MY TAKE
My Take
by

Drama at the University of Hong Kong makes for good entertainment

PUBLISHED : Monday, 14 December, 2015, 1:42am
UPDATED : Friday, 04 March, 2016, 2:59pm

Academia rarely provides so much entertaining news. But then, it's the University of Hong Kong, our oldest tertiary institution, and it never disappoints. So it's been amusing to watch the tit-for-tat between our two most famous professors of the moment, though probably famed for all the wrong reasons: Professor Johannes Chan Man-mun and Professor Arthur Li Kwok-cheung. The latest has Chan, a former HKU law dean, denouncing Li as unsuitable to lead the university's governing council, though Chief Executive Leung Chun-ying has yet to announce an appointment.

Chan is probably right about Li, a former education minister and current Executive Council member. But Chan is not any more suitable to be the pro-vice-chancellor in charge of research funding and academic personnel, a post for which he was rejected by council members including Li.

With Li, it's pure, naked aggression. Chan, by contrast, is the passive-aggressive type. When Li sets a goal, he pursues it with a full-frontal, take-no-prisoners assault. So it was the case when more than a decade ago, he tried to forcibly merge the Institute of Education with the Chinese University of Hong Kong, of which he was once vice-chancellor. As education chief, he tried to reform the English Schools Foundation by freezing its funding levels. He was, in a sense, too successful, so much so that the ESF has been forced into a divorce with the government and is becoming a full-fledged chain of international schools once public subsidies are phased out.

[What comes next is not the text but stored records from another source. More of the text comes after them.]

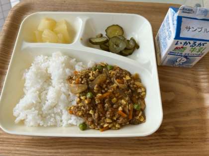 今日の献立の大豆入りキーマカレーライス[米粉]は、小麦アレルギーの人でも食べられるように米粉のカレールウの素を使用しています。牛ひき肉、豚ひき肉、新食材の豚レバーチップ、ひきわり大豆、たまねぎ、にんじん、グリンピース、にんにくが入った、とても具沢山のキーマカレーです。とてもおいしい一品でした。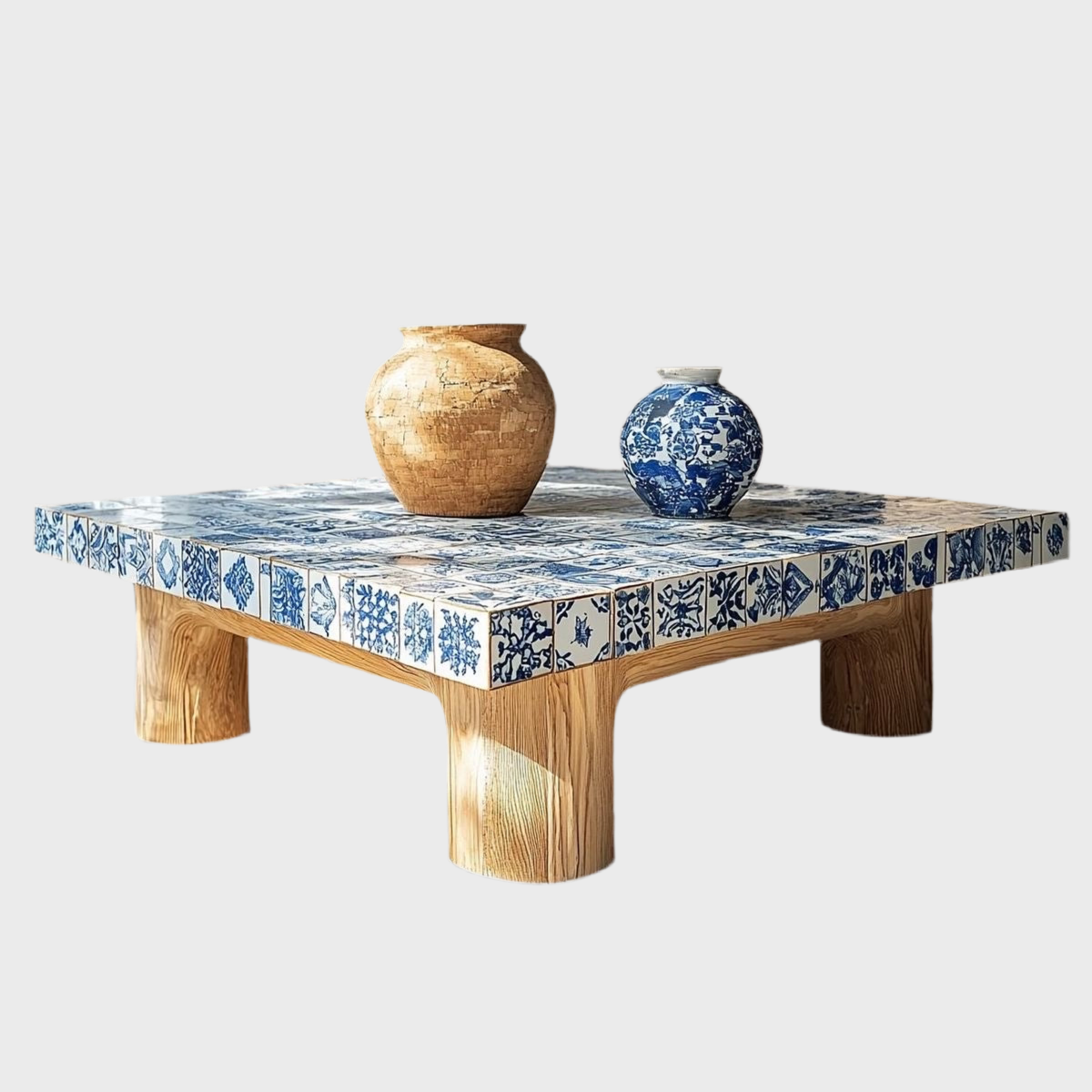 This handcrafted centerpiece features bold, solid pitchpine trunk legs and a vibrant mosaic-tiled top in shades of ocean blue and crisp white. Every square tile reflects sunlight like waves, making it the perfect outdoor coffee table for beach homes, terraces, or summer lounges.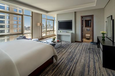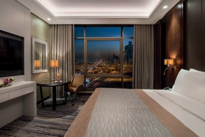The perfect space to unwind right in the heart of Riyadh. Floor to ceiling windows with neutral tones and genuine swiss hospitality. All rooms at Mövenpick Hotel & Residences Riyadh feature air conditioning, luxury amenities, in room safe, work desk, free Wi-Fi, 55inch TV access to Fitness centre, 24 hr room service.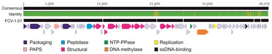 Genome alignment of the ancestral FCV-1 (accession number KY979235.1) and the adapted phage FCV-1.01 (accession number MT431535) displaying the genome consensus and FCV-1.01 with predicted open reading frames (ORFs) as arrows. Identity is displayed as green (100% identity) and yellow (the locations of differences between the two genomes). Breaks in the FCV-1.01 bases indicate the locations of deletions compared to FCV-1. Putative functions are shown in colors indicated in the bottom and the light blue arrows indicate the hypothetical proteins. PAPS stands for phosphoadenosine phosphosulfate sulfurtransferase, NTP-PPase for nucleoside-triphosphatase.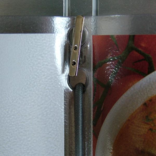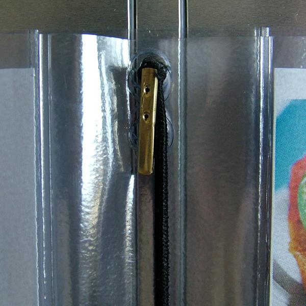 Faciles à utiliser et à remplacer, ces pochettes en PVC coulissantes se positionnent aisément grâce au cordon élastique central. Les pochettes sont maintenues en place grâce à deux petites encoche situées au niveau du haut et du bas de la pochette.

It's really Li's aggressive style that turns off a lot of academics, who prefer to keep polite society, and play vicious interdepartmental politics while patting each others' backs. Despite the regular pan-democratic denouncements against Li as Leung's man, Li is not an ideologue.

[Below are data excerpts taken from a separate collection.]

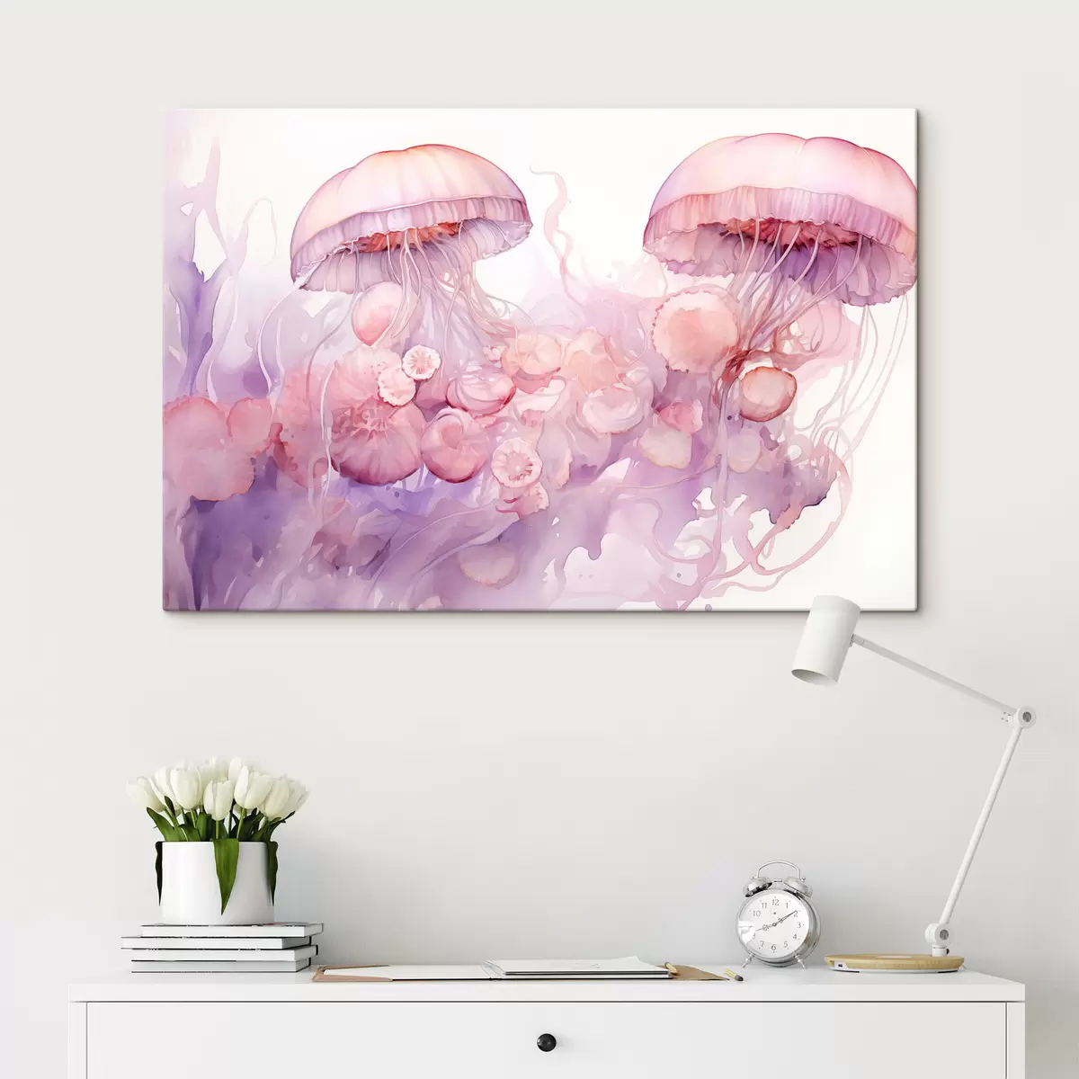 Quadri Meduse rosa che fluttuano in un turbinio di colori rosa e viola, circondate da forme astratte Nr s42730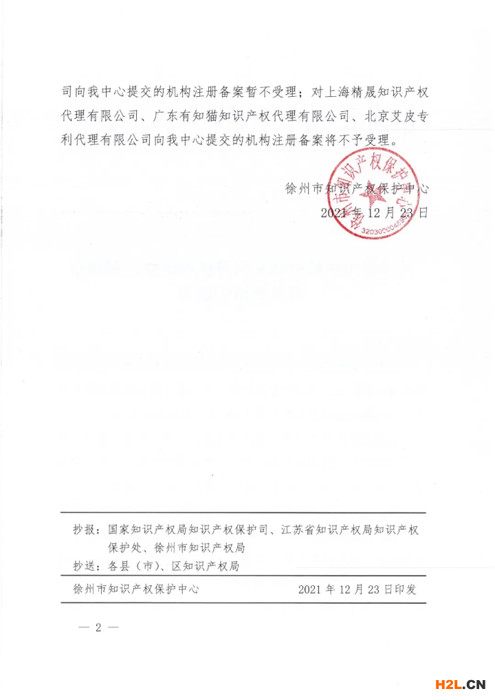 三、對上海精晟知識產(chǎn)權代理有限公司、廣東有知貓知識產(chǎn)權代理有限公司、北京艾皮專利代理有限公司的在我中心的注冊備案申請不予受理。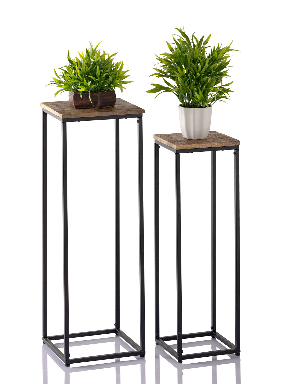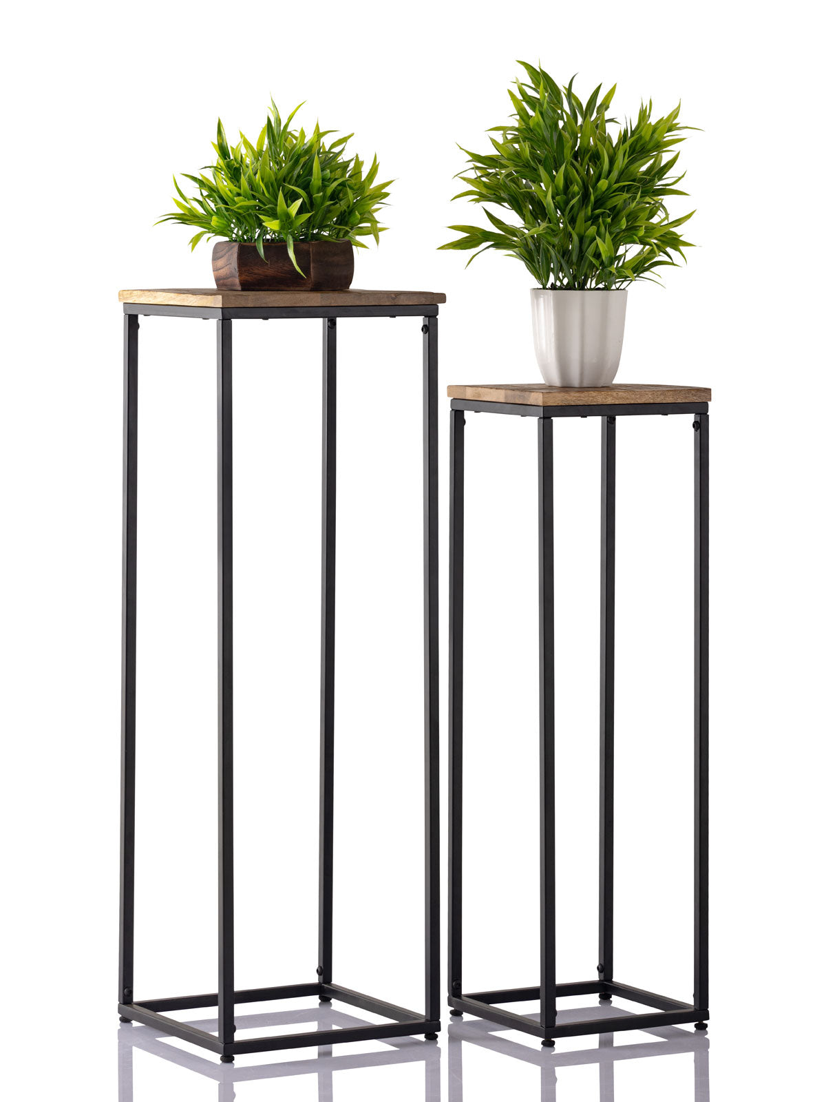 Blumensäulen Set von Hand hochwertig verarbeitet Platte aus 100% recyceltem Mango Altholz mit Säge- und Gebrauchsspuren

Chan, however, is far more ideological. He supported his law colleague Benny Tai Yiu-ting's Occupy Central campaign last year, regardless of its consequences while posing as a moderate democrat.

His passive-aggressive personality came to the fore when he said he didn't want the HKU job but did everything to provoke students and supporters to fight on his behalf, including the students' storming and detention of council members in July.

Chan and Li are not particularly good leaders. But they probably have a useful role to play at HKU.